Background information
- Also known as: Stuie B, Stucifer
- Born: Stuart Block November 26, 1977 (age 48)
- Genres: Progressive death metal, melodic death metal, heavy metal, power metal, thrash metal, progressive metal, neo-classical metal
- Occupations: Singer, songwriter
- Member of: Annihilator, Into Eternity, The Midgard Project
- Formerly of: Iced Earth, Omega Crom

= Stu Block =

Canadian singer

Stuart Block (born November 26, 1977) is a Canadian singer who is the lead vocalist of progressive death metal band Into Eternity and a former lead singer of heavy metal band Iced Earth. Before joining Into Eternity in 2005, he began his musical career singing for various bands in Vancouver. After two albums with Into Eternity, he joined Iced Earth in 2011 and recorded three albums during his ten-year tenure with the band: Dystopia (2011), Plagues of Babylon (2014) and Incorruptible (2017). He was the second-longest-tenured vocalist in Iced Earth after Matt Barlow.

==Career==

===Early career and Into Eternity===
Block began his musical career in 1998, singing for various metal and rock acts around Vancouver. Before joining Into Eternity, Block was the singer for the band Omega Crom, among others. In 2005, he joined Eternity, and the following year, the band released their first album with him, The Scattering of Ashes. Block received high praise for his performance, with Eduardo Rivadavia of AllMusic calling him "one of the finest metal voices of his generation". Block's second album with Into Eternity, The Incurable Tragedy, was released in 2008. Respectively, in 2011 and 2012, the band released the singles "Sandstorm" and "Fukushima". Also, in late 2012, Block began demoing new material with Eternity and their new touring vocalist Amanda Kiernan.
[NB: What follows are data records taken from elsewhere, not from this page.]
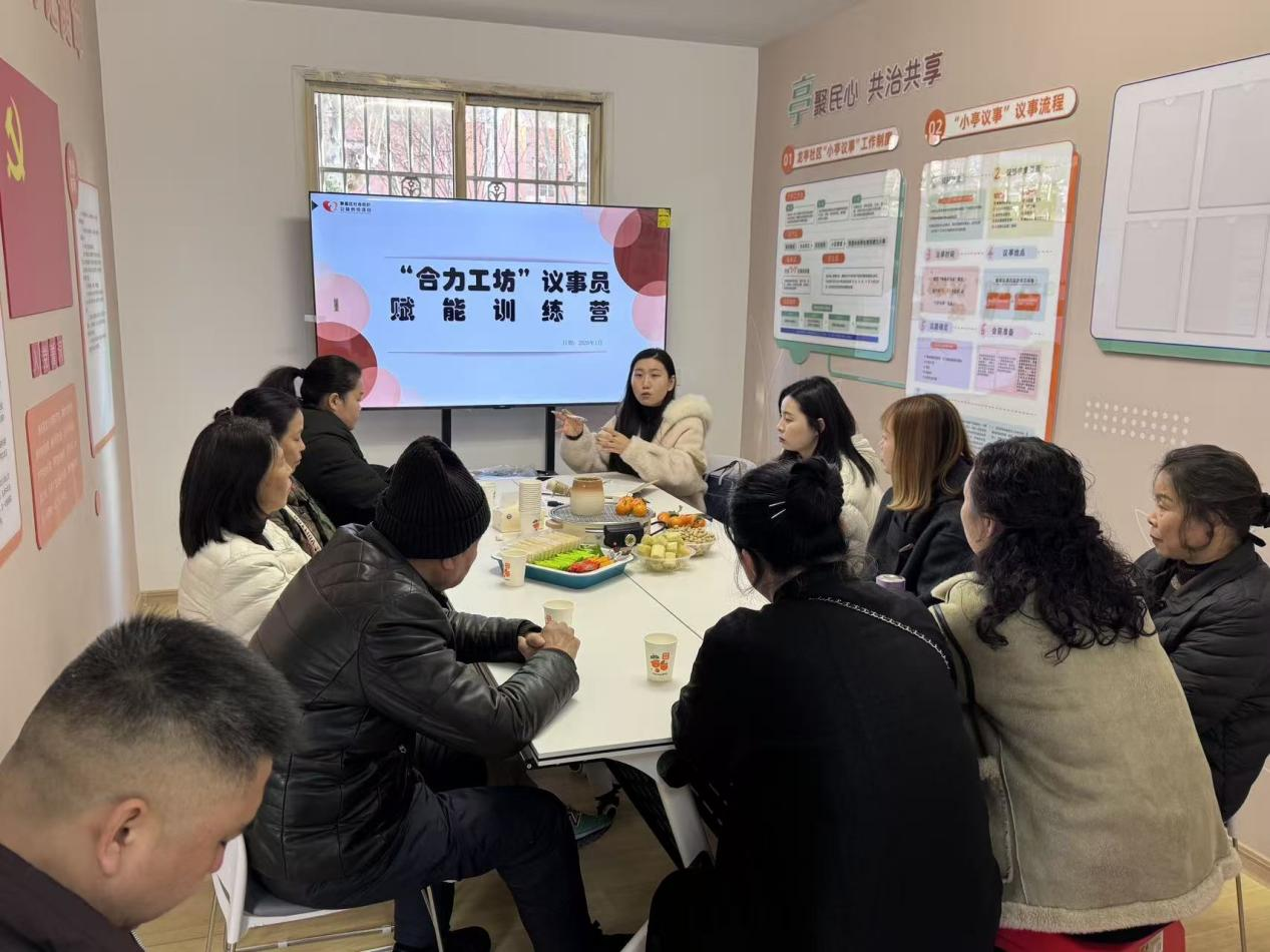 1月15日下午,龙亭社区在金鑫网格党群服务驿站举办“合力工坊”议事员赋能训练营活动,社区议事员、居民代表等齐聚一堂,共学共议共促社区治理新活力。
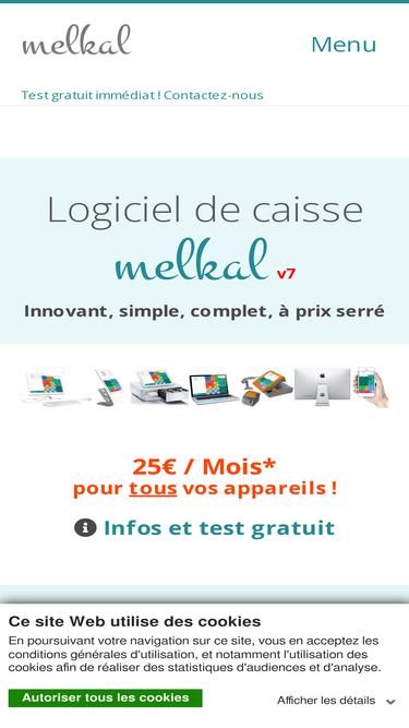 100%melkal est un logiciel de caisse simple et exhaustif. il fonctionne à la fois sur téléphone, tablette, et ordinateur.
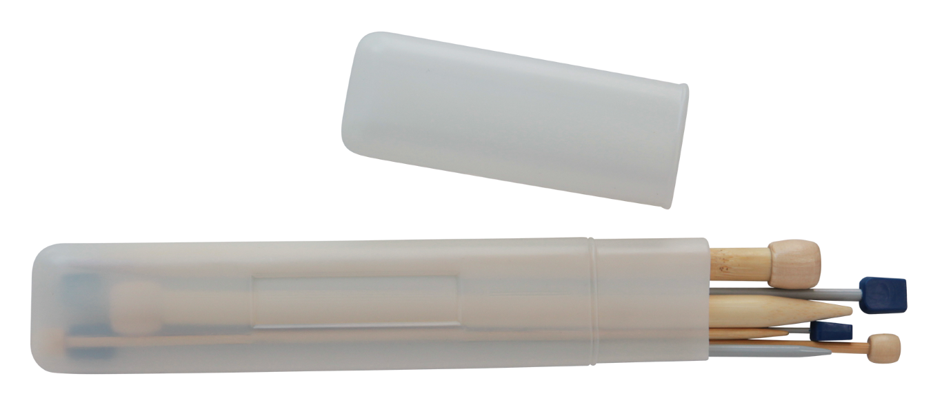 ESTUCHE DE PLASTICO PARA GUARDAR LAS AGUJAS DE TEJER O PINCELES DE PINTURA. CARTON CON 200 PIEZAS
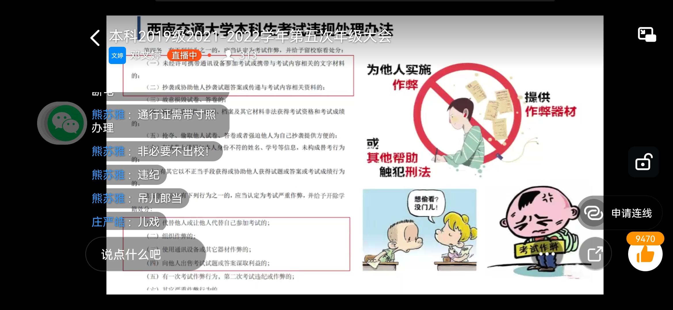 最后,熊苏雅再次强调疫情防控事宜,同时提醒同学们关注学校通知以及课程教师的安排,也不要因为“上网课”而懈怠。在邓文婷解答了一些同学们的疑问之后,本次大会圆满结束。
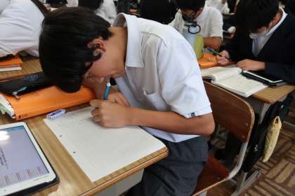 「モアイは語る ー地球の未来」という説明文の単元で、「筆者の論理展開の適切性について、自分の意見文を書こう」をテーマに、本文をしっかり読み込み、意見をまとめていました。
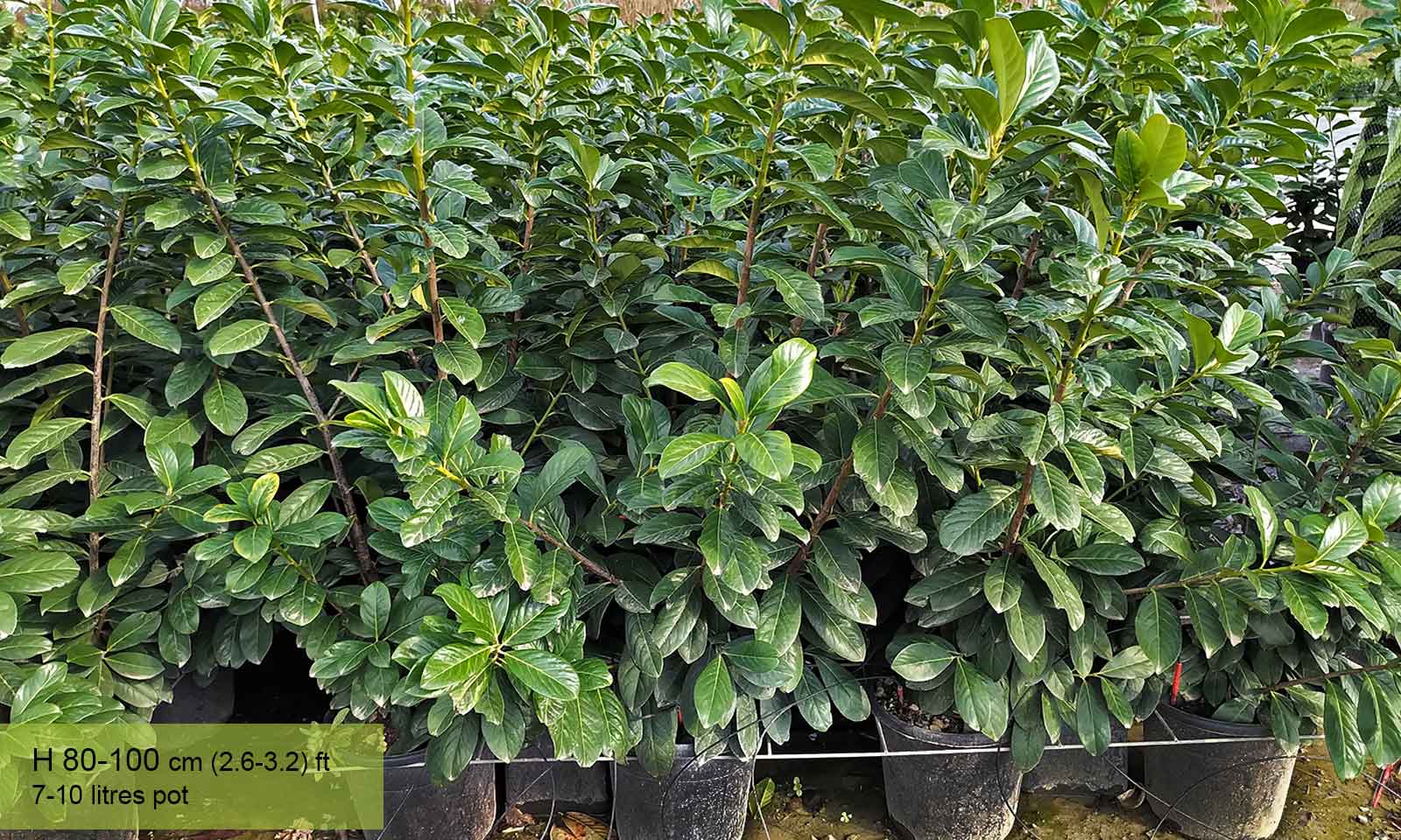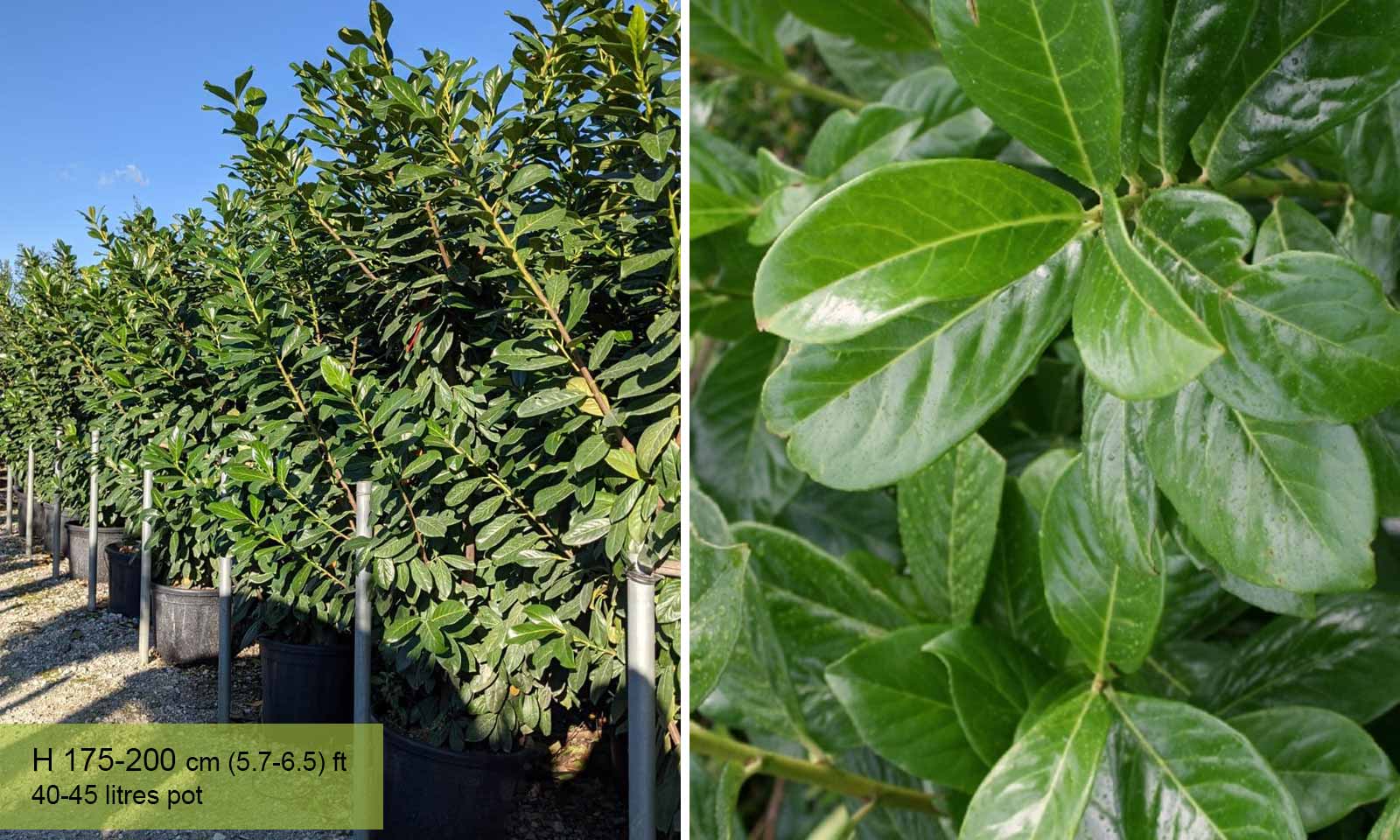 New variety selected in Holland, considered an improved Prunus Laurocerasus ‘Caucasica’, because of its longer, more coriaceous leaves, of a brighter green. Flowers whiter than Prunus Laurocerasus ‘Caucasica’. Held also to be more resistant to disease. Tolerates all positions but in complete shade it requires plenty of light. Withstands severe and repeated pruning and it is one of the most popular plants used for hedges, both clipped and left to grow freely. Withstands the cold and if it suffers damage from an unexpected hard frost it will vigorously form re-growth at the base. Very decorative shaped into a half standard and also as a standard.

He rejoined Into Eternity in 2021 as co-lead vocalist after leaving Iced Earth.

===Iced Earth===
In March 2011, it was announced that Block had been chosen as the new lead singer for Iced Earth. Before releasing Block's first album with the group, Iced Earth released a re-recording of their 1995 song "Dante's Inferno" as a free download on their website. Dystopia, Block's first album with Iced Earth, was released on October 18, 2011. The album garnered positive reviews, with some calling it one of Iced Earth's best albums. Block also received praise for his performance. The band released its next Live CD/DVD on April 15, 2013, Live in Ancient Kourion. The album was recorded on August 19, 2012, at the over 2,200-year-old Kourion Theater in Cyprus during the band's Dystopia World Tour.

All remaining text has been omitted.